OSNews
- Website type: Online newspaper
- Available in: English
- Editors: Thom Holwerda (managing editor), David Adams (contributor)
- Website: www.osnews.com
- Registration: Optional
- Launched: 1997; 29 years ago
- Current status: Active

= OSNews =

Online newspaper focused on computing and operating systems

OSnews as of 2012

OSNews is a computing online newspaper. It originally focused on operating systems and their related technologies that launched in 1997, but is now aggregating consumer electronics news. The content is managed by a group of editors and the owner. As of 2014, its managing editor is Thom Holwerda, who joined in 2005.

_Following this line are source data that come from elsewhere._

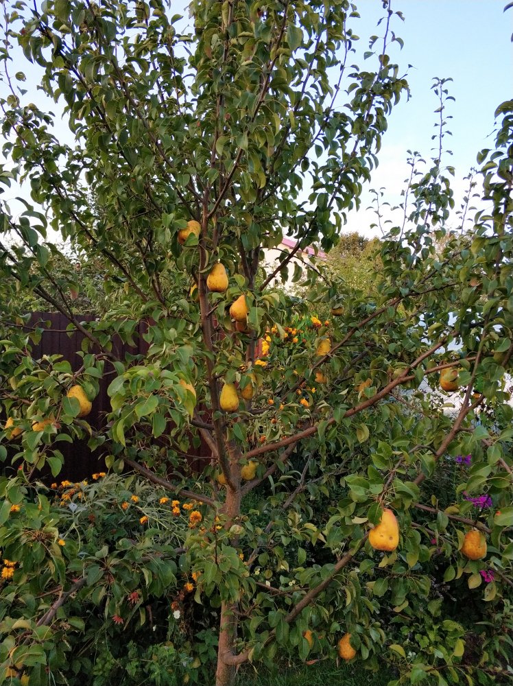 Сажал в 2017 году три груши-"Чижовская", "Лада" и "памяти Яковлева". Уже были груши, но не по многу, в этом году " Чижовская" ломится от плодов, всю подпорками утыкал, остальные по не многу. Яблоки первый год дали урожай, понравилось "Конфетное" и "Народное".
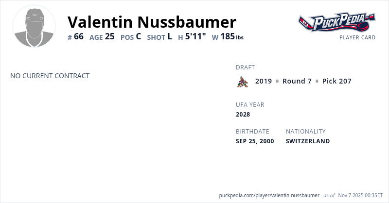 | 2023-24 | 23 | International | Switzerland (all) | 6 | 0 | 0 | 0 | 2 | ||||||||||||||||||||||
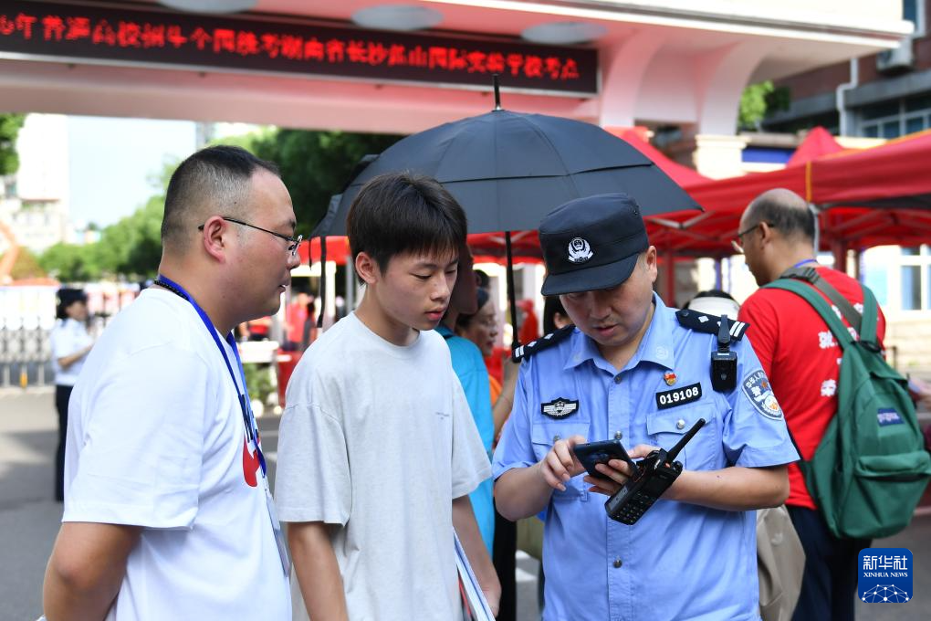6月7日,在湖南省长沙麓山国际实验学校考点外,民警为遗落身份证的考生办理手续。

OSnews has been referenced by TIME, Ars Technica, Wired, Computerworld, LifeHacker, Linux.com, OMG! Ubuntu! and lwn.net. Wired described OSnews as "an alternative operating system Web magazine", and in 2011 Holwerda noted that "while the alternative operating systems scene might no longer be the prime focus of OSNews due to a lack of activity in that field, it's still where our heart lies."

==Staff==
- Thom Holwerda is managing editor.
- David Adams is a publisher and regular contributor.
- Eugenia Loli-Queru, the former editor-in-chief of OSNews, resigned in June 2005. Version 2 of OSNews was written by Eugenia in August 2001 when she resurrected the site after long periods of inactivity. She took on a more passive role in recent years as senior editor. She started the original GnomeFiles.org (GTK+ software repository).
- Adam Scheinberg is the webmaster. He wrote version 3 of the site in 2005, which added user registration, and version 4, a complete rewrite of the codebase. In late 2018, he led the conversion to WordPress.
- Jon Jensen is the systems administrator, dealing with site availability and DNS.

==Function==
Besides its main site, OSNews previously detected hundreds of mobile browsers and handsets and redirected them to a specially formatted cHTML version of the website at mobile.osnews.com. Eugenia Loli-Queru, the author of this script, open sourced it in 2008.

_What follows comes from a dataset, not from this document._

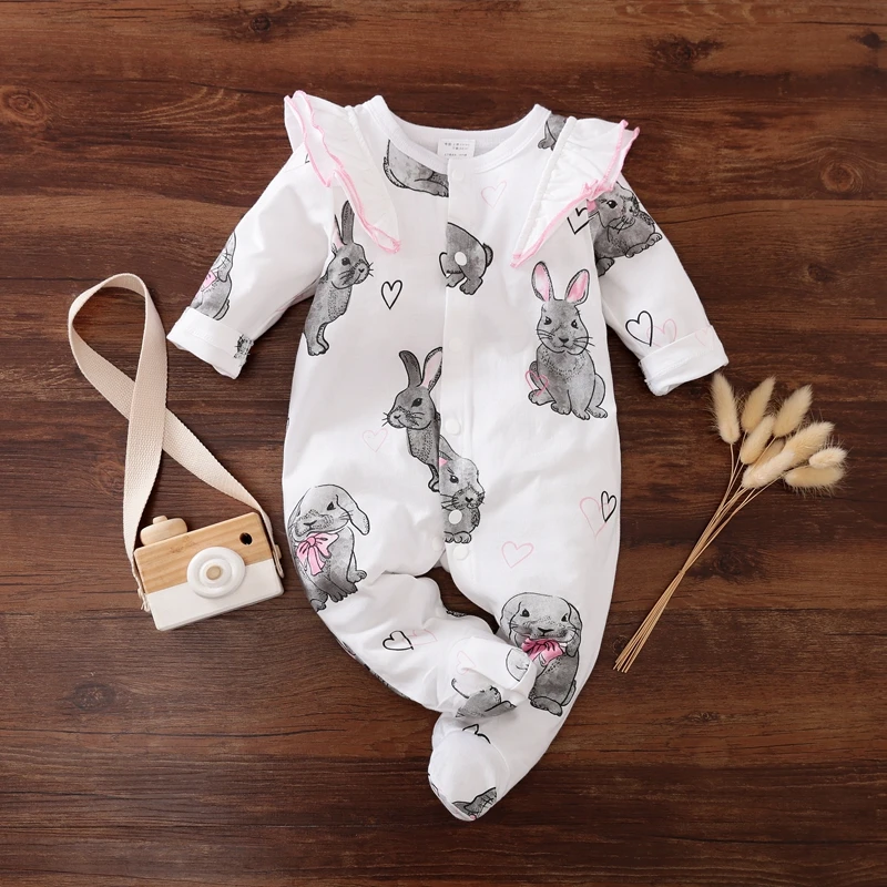 Комбинезон с длинными рукавами и принтом кролика для маленьких девочек

The editors contribute original articles and manage the submissions of news bits, articles, editorial comments and reviews that are submitted by readers. OSNews serves daily 275,000 page views on average (as of October 2005).

Like other technology news sites such as Slashdot, it has a free user/subscription model, and allows viewers to add commentary to articles. In 2005, OSNews published version 3 of its website, which includes an all-new commenting engine. Instead of reporting comments to moderators, this system now relies on votes. Readers can vote comments up or down, and readers can set a score threshold, which can eliminate the down-voted comments from view.

In late 2007, version 4 was launched, which completely overhauled the backend of the website, and was followed by version 4.1 which added a brand new theme and look to the website.

On February 12, 2007, managing editor Thom Holwerda published the 1.0 version of the OSNews Style Guide. This style guide is licensed under a Creative Commons license so that other websites and publications can use and adapt the guide to their liking. OSNews is one of the few sites of its kind with such a style guide.

In January 2008, Thom Holwerda launched Focus Shift, a webcomic based on the various news items OSNews carries. Focus Shift was updated tri-weekly, until it was discontinued in mid-2008.